- MATERIAL SHOWN
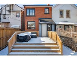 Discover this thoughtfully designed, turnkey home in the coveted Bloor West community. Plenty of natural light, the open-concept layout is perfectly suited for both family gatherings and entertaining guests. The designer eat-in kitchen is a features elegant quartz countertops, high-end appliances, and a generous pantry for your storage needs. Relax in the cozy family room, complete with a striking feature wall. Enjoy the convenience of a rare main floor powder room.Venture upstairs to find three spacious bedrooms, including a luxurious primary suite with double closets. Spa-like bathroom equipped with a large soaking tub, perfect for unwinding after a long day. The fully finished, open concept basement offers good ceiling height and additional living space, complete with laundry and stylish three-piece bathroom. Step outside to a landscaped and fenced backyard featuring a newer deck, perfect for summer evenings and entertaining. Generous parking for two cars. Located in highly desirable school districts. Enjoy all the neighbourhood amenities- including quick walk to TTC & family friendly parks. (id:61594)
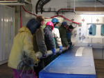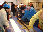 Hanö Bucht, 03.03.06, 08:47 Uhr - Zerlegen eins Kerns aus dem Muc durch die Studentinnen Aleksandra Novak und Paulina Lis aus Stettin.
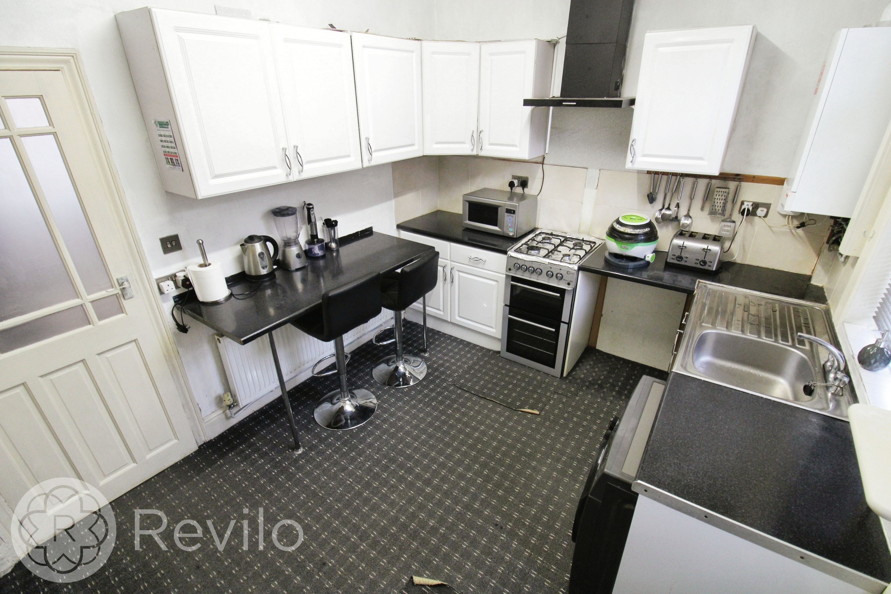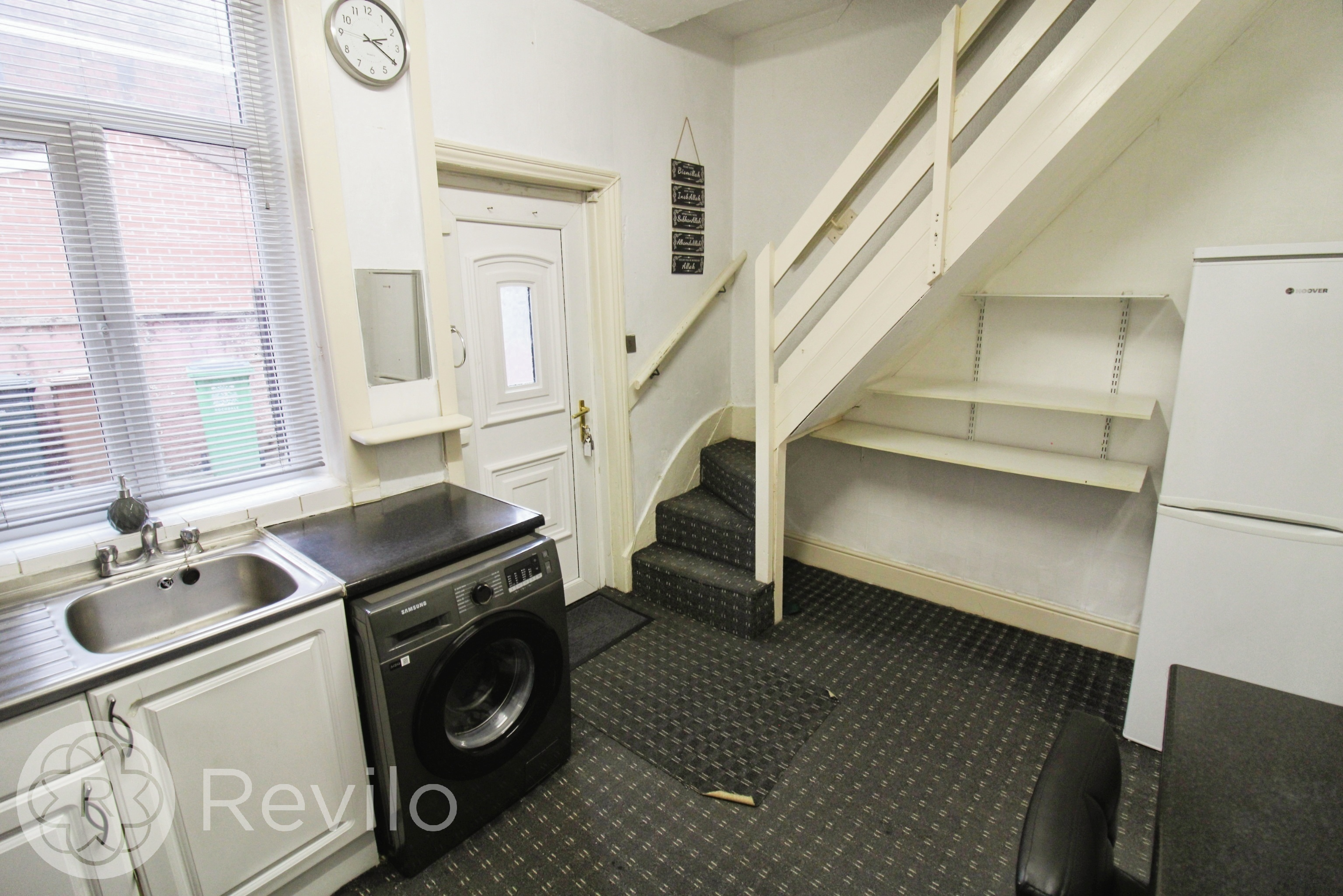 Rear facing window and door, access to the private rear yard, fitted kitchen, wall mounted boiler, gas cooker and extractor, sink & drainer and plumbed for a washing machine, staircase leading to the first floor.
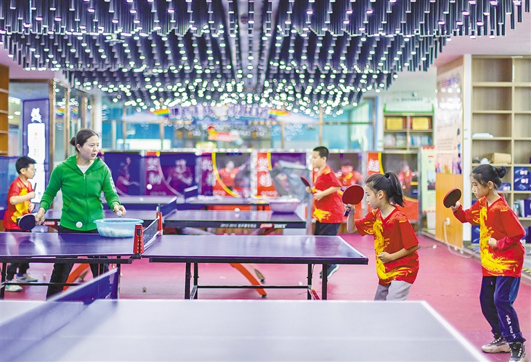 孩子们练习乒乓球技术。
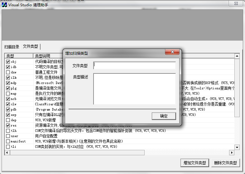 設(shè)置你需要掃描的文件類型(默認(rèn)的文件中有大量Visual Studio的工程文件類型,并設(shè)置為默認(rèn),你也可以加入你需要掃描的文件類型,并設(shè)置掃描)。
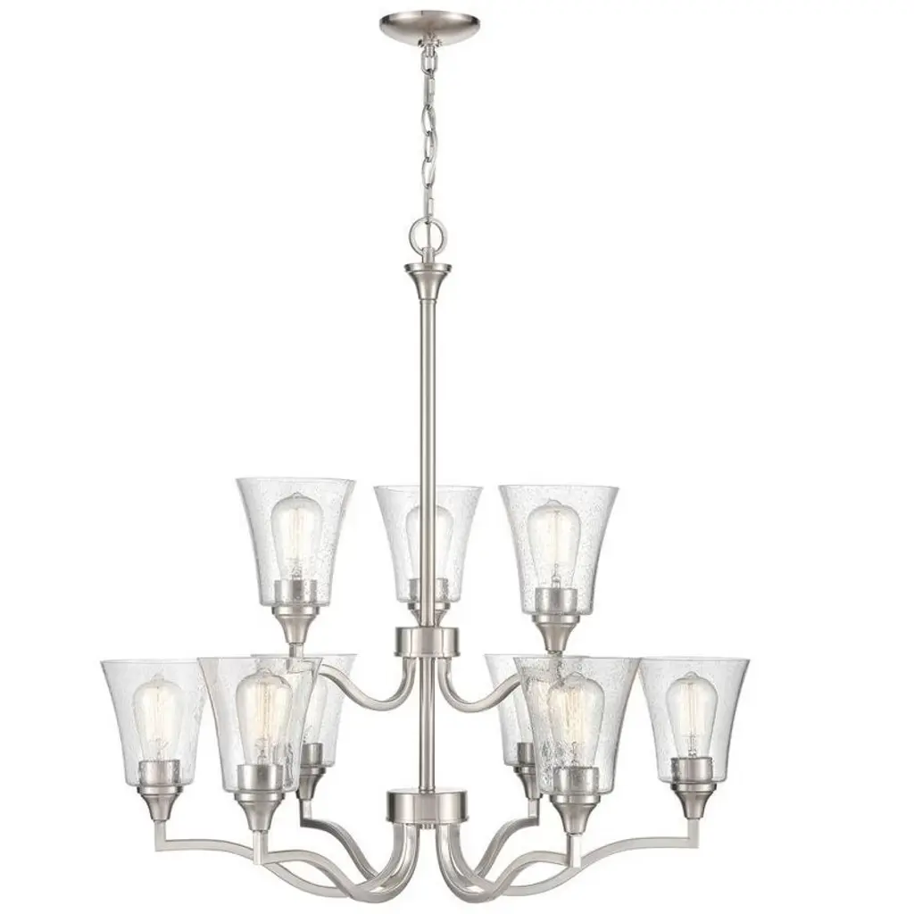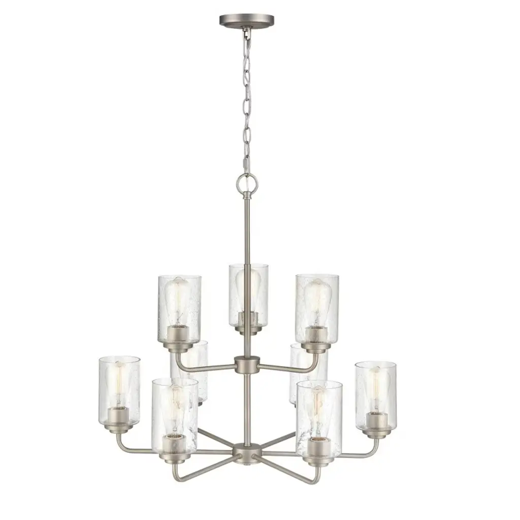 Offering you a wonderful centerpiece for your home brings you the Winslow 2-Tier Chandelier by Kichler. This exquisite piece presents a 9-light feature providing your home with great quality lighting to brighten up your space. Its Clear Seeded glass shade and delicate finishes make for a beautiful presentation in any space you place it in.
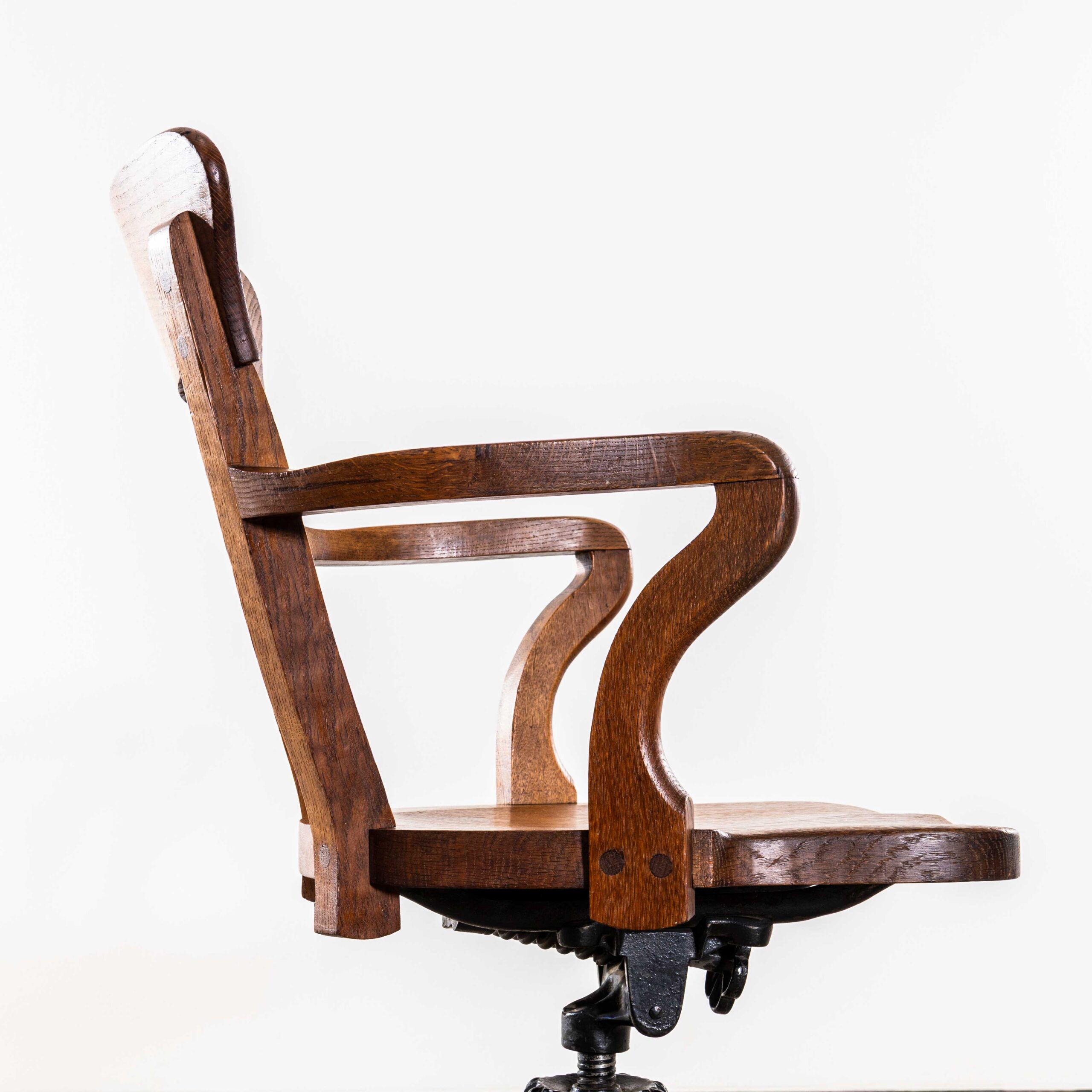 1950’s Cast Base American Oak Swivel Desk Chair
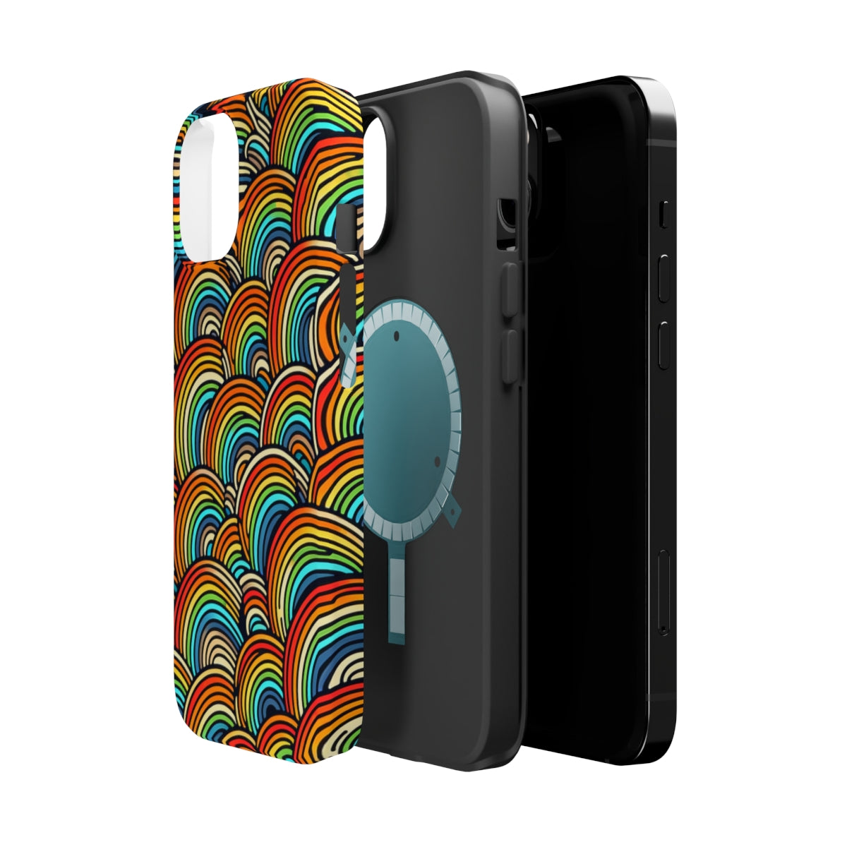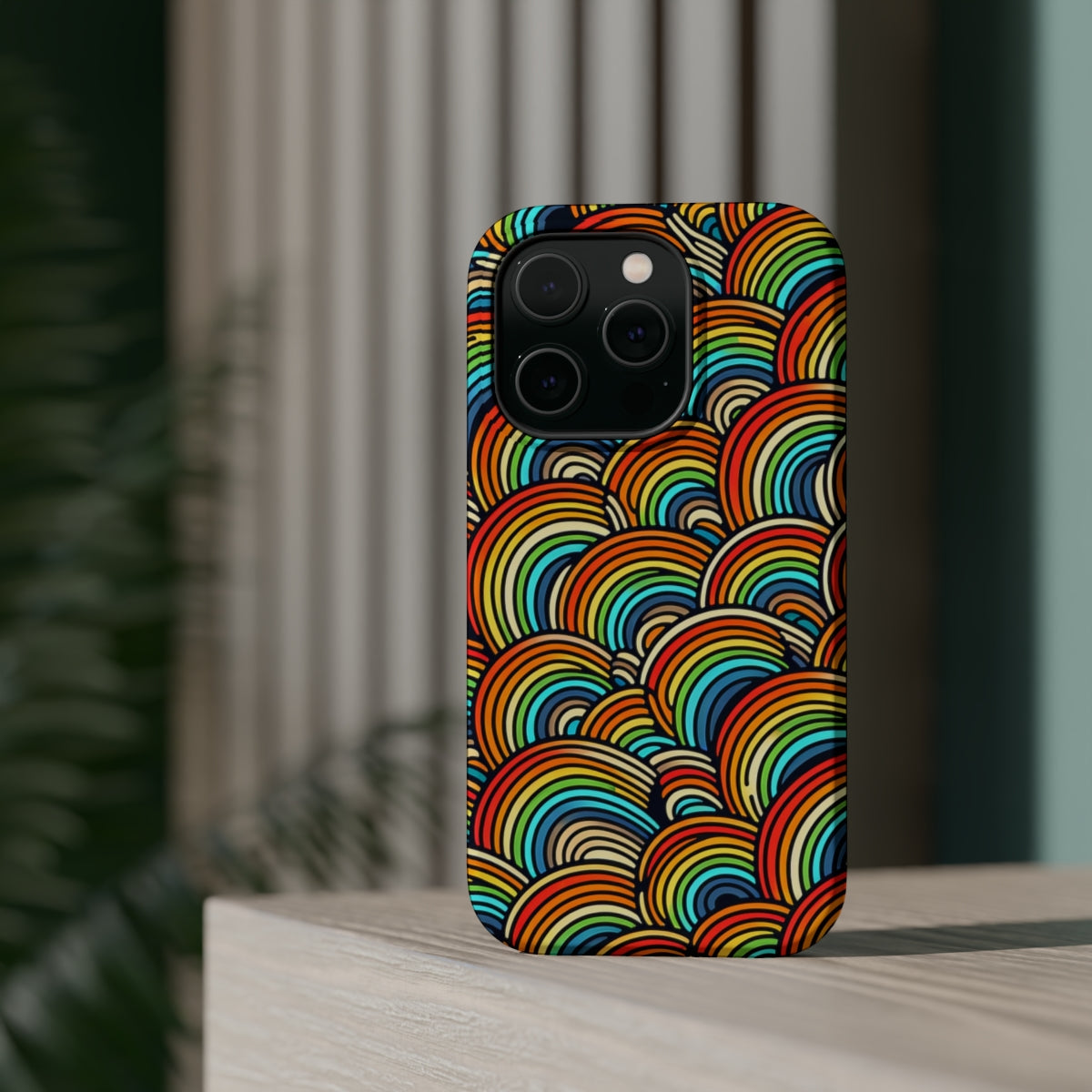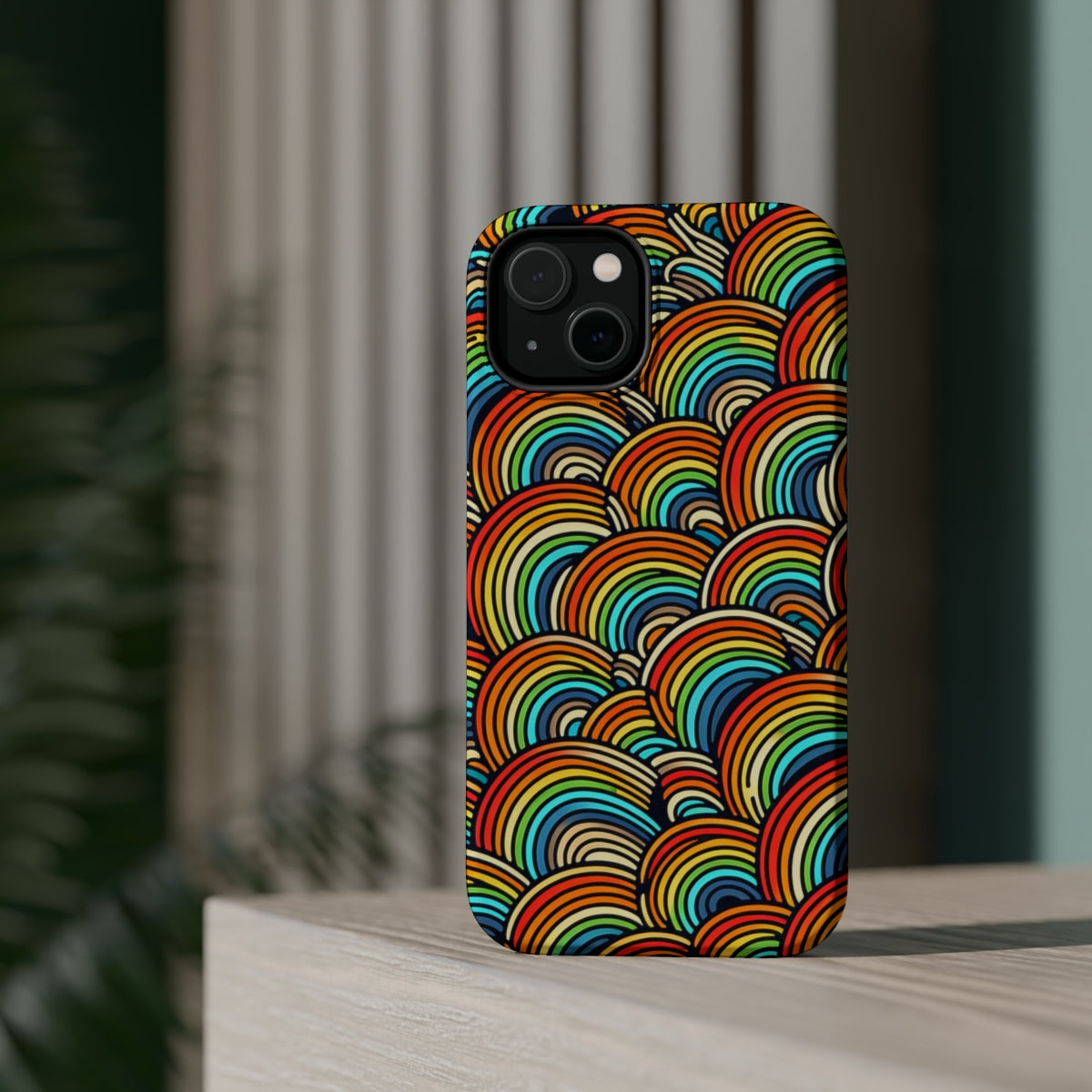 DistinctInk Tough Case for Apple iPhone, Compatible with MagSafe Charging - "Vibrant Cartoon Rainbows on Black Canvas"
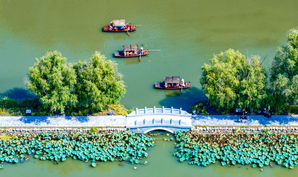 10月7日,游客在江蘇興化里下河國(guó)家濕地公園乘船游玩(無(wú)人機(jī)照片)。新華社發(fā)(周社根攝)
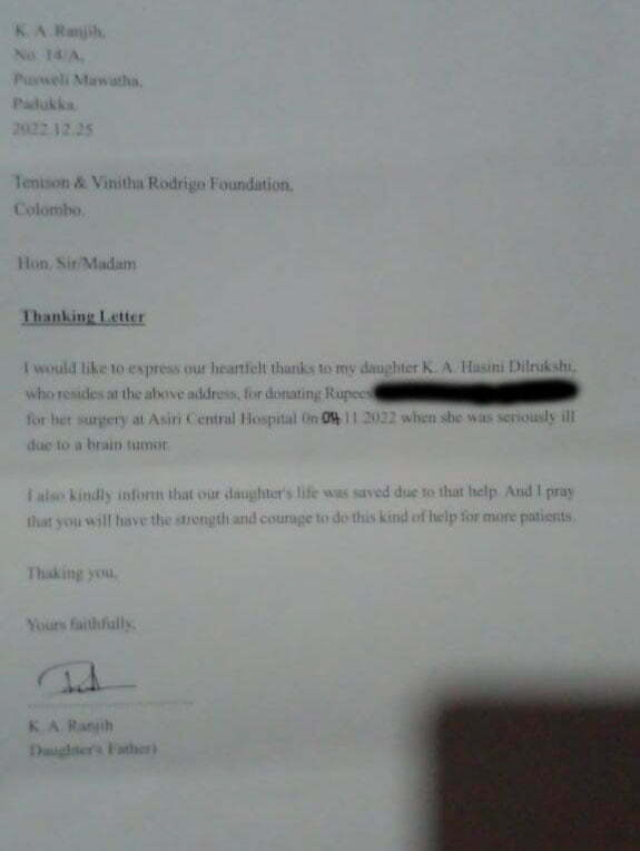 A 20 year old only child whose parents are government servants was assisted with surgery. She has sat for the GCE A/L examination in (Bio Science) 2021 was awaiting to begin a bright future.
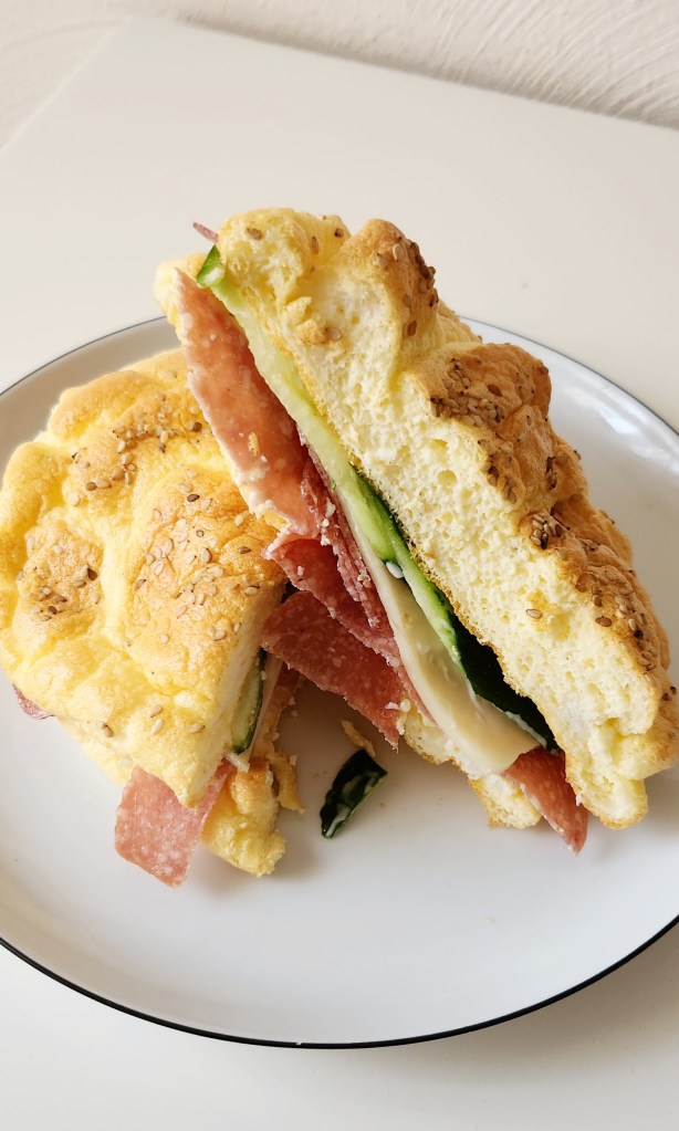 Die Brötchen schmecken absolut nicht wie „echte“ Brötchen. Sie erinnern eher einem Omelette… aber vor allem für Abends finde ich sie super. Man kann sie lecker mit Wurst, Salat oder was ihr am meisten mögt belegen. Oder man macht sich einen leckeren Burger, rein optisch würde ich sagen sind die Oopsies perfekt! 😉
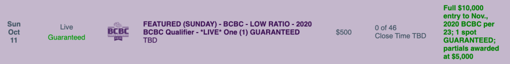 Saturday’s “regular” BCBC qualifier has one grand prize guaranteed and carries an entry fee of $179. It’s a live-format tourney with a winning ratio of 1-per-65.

- TASK
The lines above starting at the one that holds "1950’s Cast Base" and ending at the one that holds "Die Brötchen schmecken" are to be written out exactly, ends included, and no pictures are to be copied.

- WRITTEN SOLUTION
 1950’s Cast Base American Oak Swivel Desk Chair
 DistinctInk Tough Case for Apple iPhone, Compatible with MagSafe Charging - "Vibrant Cartoon Rainbows on Black Canvas"
 10月7日,游客在江蘇興化里下河國(guó)家濕地公園乘船游玩(無(wú)人機(jī)照片)。新華社發(fā)(周社根攝)
 A 20 year old only child whose parents are government servants was assisted with surgery. She has sat for the GCE A/L examination in (Bio Science) 2021 was awaiting to begin a bright future.
 Die Brötchen schmecken absolut nicht wie „echte“ Brötchen. Sie erinnern eher einem Omelette… aber vor allem für Abends finde ich sie super. Man kann sie lecker mit Wurst, Salat oder was ihr am meisten mögt belegen. Oder man macht sich einen leckeren Burger, rein optisch würde ich sagen sind die Oopsies perfekt! 😉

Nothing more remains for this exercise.